This study is currently recruiting patients

Verified by Hadassah Medical Organization December 2005

Sponsors and Collaborators: Hadassah Medical Organization
Gaba International AG
Information provided by: Hadassah Medical Organization
ClinicalTrials.gov Identifier: NCT00268138


The objective of this phase IV study: to establish the efficacy of elmex gel with a fluoride concentration of 1.25% compared with placebo by determining prevention of white spot lesions in patients wearing fixed orthodontic appliances.

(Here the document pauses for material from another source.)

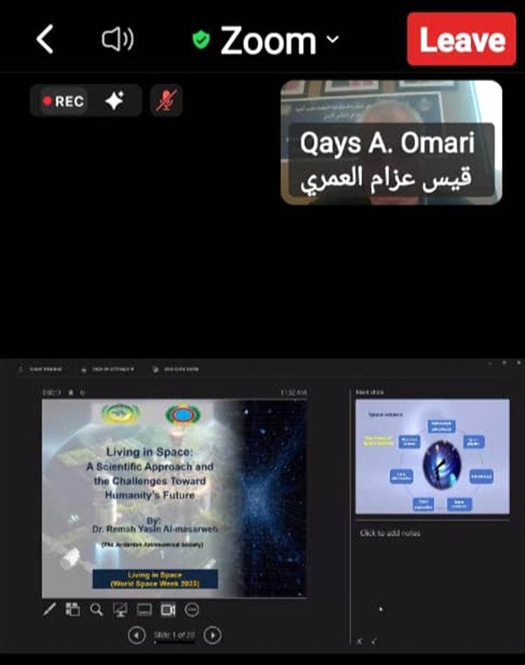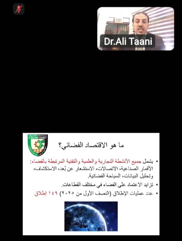 شارك مركز العلوم والتكنولوجيا بجامعة عدن ممثلًا بالأستاذ الدكتور/رخسانه محمد إسماعيل مدير المركز وعضو مجلس الأمناء في المركز الإقليمي لعلوم وتكنولوجيا الفضاء، في الندوة العلمية المقامة بمناسبة الأسبوع العلمي للفضاء، والتي جرت عبر تقنية الاتصال المرئي بمشاركة نخبة من العلماء والخبراء العرب والدوليين في مجال علوم وتكنولوجيا الفضاء.وتناولت الندوة عددًا من الموضوعات العلمية المتقدمة، شملت عديد من المفاهيم التي أكدت على الاستقلالية والابتكار من أجل استدامة الفضاء، والعيش في الفضاء، ونهج العلوم والتحديات نحو مستقبل الإنسان، وظروف العيش على متن محطة الفضاء الدولية، والاقتصاد الفضائي والفرصة القادمة للعالم العربي، والقمر وتحديات استيطانه، إضافة إلى عديد من المحاور العلمية ذات الأهمية في تطوير هذا القطاع الحيوي.وشارك في تقديم أوراق العمل نخبة من الأكاديميين من جامعة سان دييغو وجامعة العلوم والتكنولوجيا الأردنية والجمعية الفلكية الأردنية والمركز الجغرافي الملكي والمركز الإقليمي لعلوم وتكنولوجيا الفضاء، وقد أكدت الندوة على أهمية تعليم الطلاب وتنمية مهارات الابتكار والبحث العلمي باستخدام أحدث التقنيات في مجال علوم الفضاء، باعتبارها ركيزة أساسية لمستقبل التنمية المستدامة في العالم العربي.

Condition Intervention Phase
Dental Caries Drug: Elmex gel
Phase IV

Study Type: Interventional
Study Design: Prevention, Randomized, Double-Blind, Placebo Control, Parallel Assignment, Safety/Efficacy Study

Official Title: Phase 4 Study Prevention of Incipient Carious Lesions (White Spot Lesions) in Patients With Fixed Orthodontic Appliances Following the Application of Elmex Gel

Further study details as provided by Hadassah Medical Organization:
Primary Outcomes: time and frequency of visually detected WSL (white spot lesions)
Secondary Outcomes: mineral loss according to QLF readings; Frequency and chronoloy of WSL
Expected Total Enrollment:  314

Study start: April 2006;  Expected completion: December 2009
Last follow-up: December 2009;  Data entry closure: December 2009

314 healthy subjects undergoing orthodontic treatment will be examined. follow up will take place from bonding the appliance till debonding, at least 12 months and no more than 30 months.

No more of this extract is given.